Boeing commercial aircraft orders for 2008 plunge 53 per cent
10 Jan 2009
Boeing commercial aircraft orders slid 53 per cent with demand from airlines falling in the face of global recessionary trends and record fuel prices damaging the air travel industry. European rival, Airbus, now becomes the world's largest commercial aircraft manufacturer.
This is a position that both manufacturers interchange frequently even as they maintain a duopoly in the field of large commercial aircraft manufacture.
Airbus is due to announce its numbers for 2008 next week. However, it crossed Boeing's orders and deliveries totals by the end of November itself, even as Boeing struggled to normalize production after an eight week machinists strike.
Boeing said yesterday its commercial aircraft orders fell 53 per cent last year to 662, from the record 1,413 achieved in 2007. This record year followed two earlier record years with new orders of 1,044 in 2006 and 1,002 in 2005.

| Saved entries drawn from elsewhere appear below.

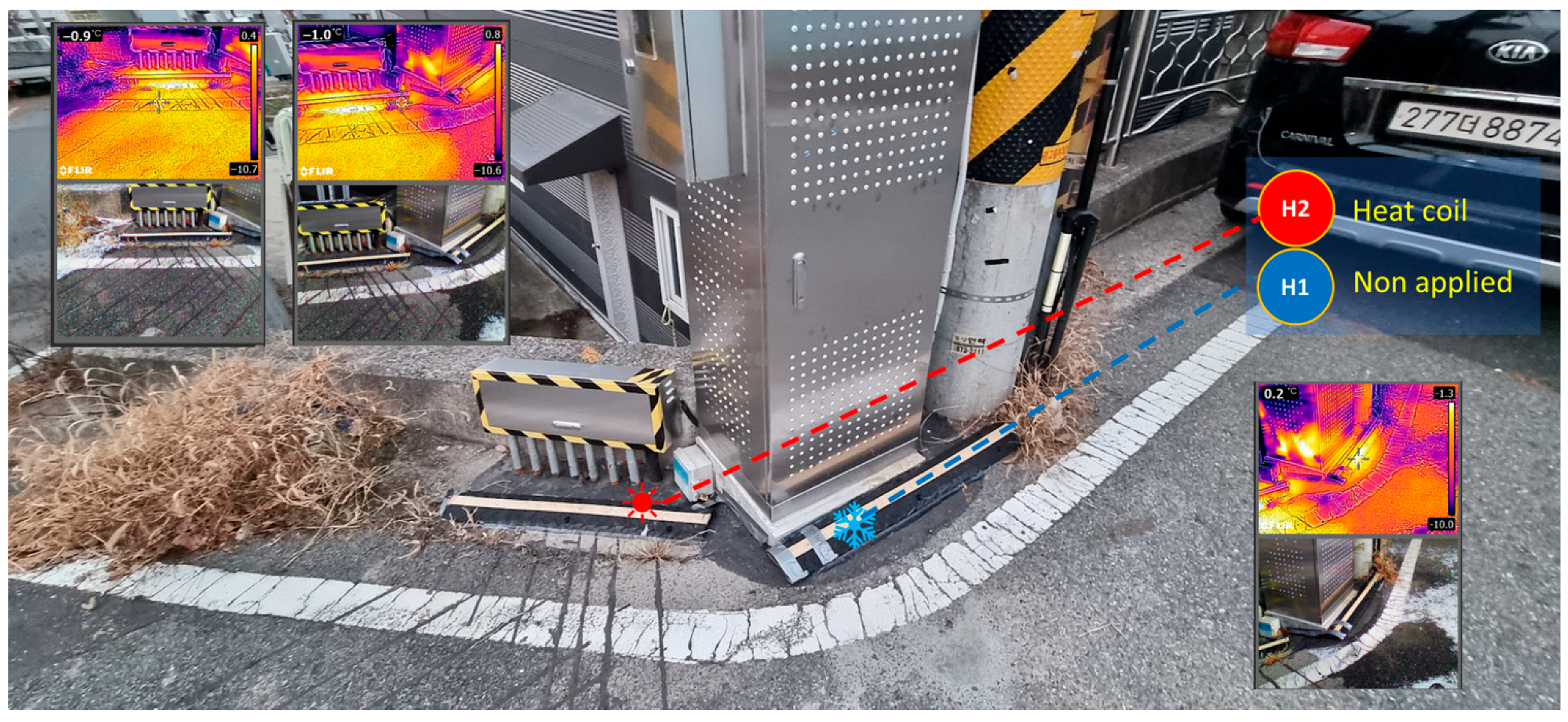 - Lim, H.; Lee, S.; Lee, J. Effective snow removal devices for road pavement using geothermal heat pipe. Appl. Therm. Eng. 2025, 265, 125624. [Google Scholar] [CrossRef]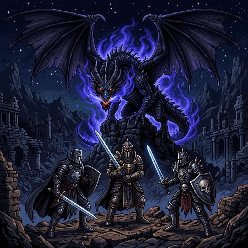 Epic Pixel Art Battle: Knights vs Ancient Black Dragon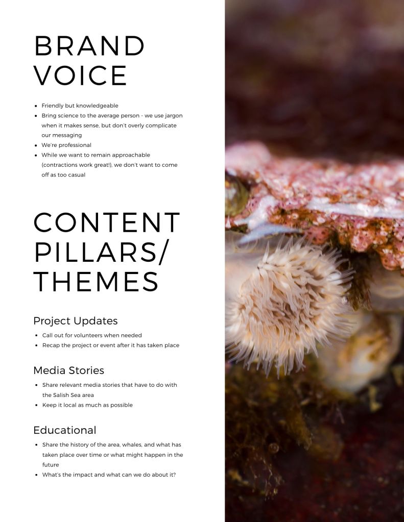 Saturna Island Marine Research and Education Society hired me to create the branding and tone of voice for their social media channels and then train their team on each channel’s best practices. Over the course of six months, I created some of the training and brand book elements you see below and connected with their team over Zoom for training sessions.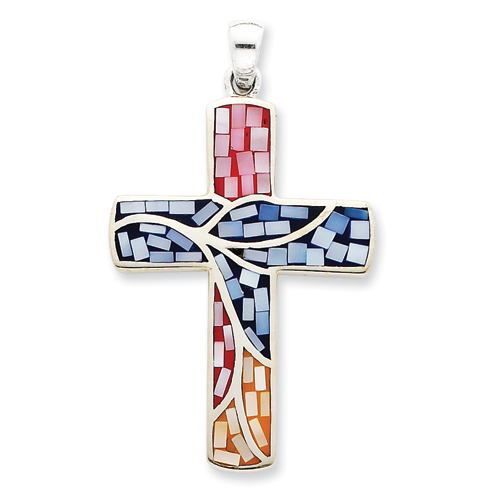 Sterling Silver Mulit-colored Shell Cross Pendant
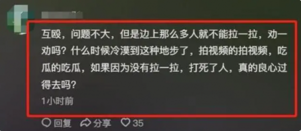 而且再细想一下,大家也要学会换位思考,如果自己是那一名红衣女子,被打得站不起身了,谁不希望有一个英雄帮忙或者打电话报警,可以拯救自己了?

Boeing said yesterday that demand from airlines around the world was falling rapidly in the face of a global recession and tightening credit. It also said it expected orders to slide again this year.
It said its deliveries fell 15 per cent in 2008, from 441 to 375.
Its prestigious 787 Dreamliner programme is already running two years late. Virgin Atlantic, the UK carrier controlled by Sir Richard Branson, said yesterday it had been informed by Boeing its first 787 deliveries would be about two and a half years late with the first Dreamliner to be delivered in the third quarter of 2013, instead of March/April 2011.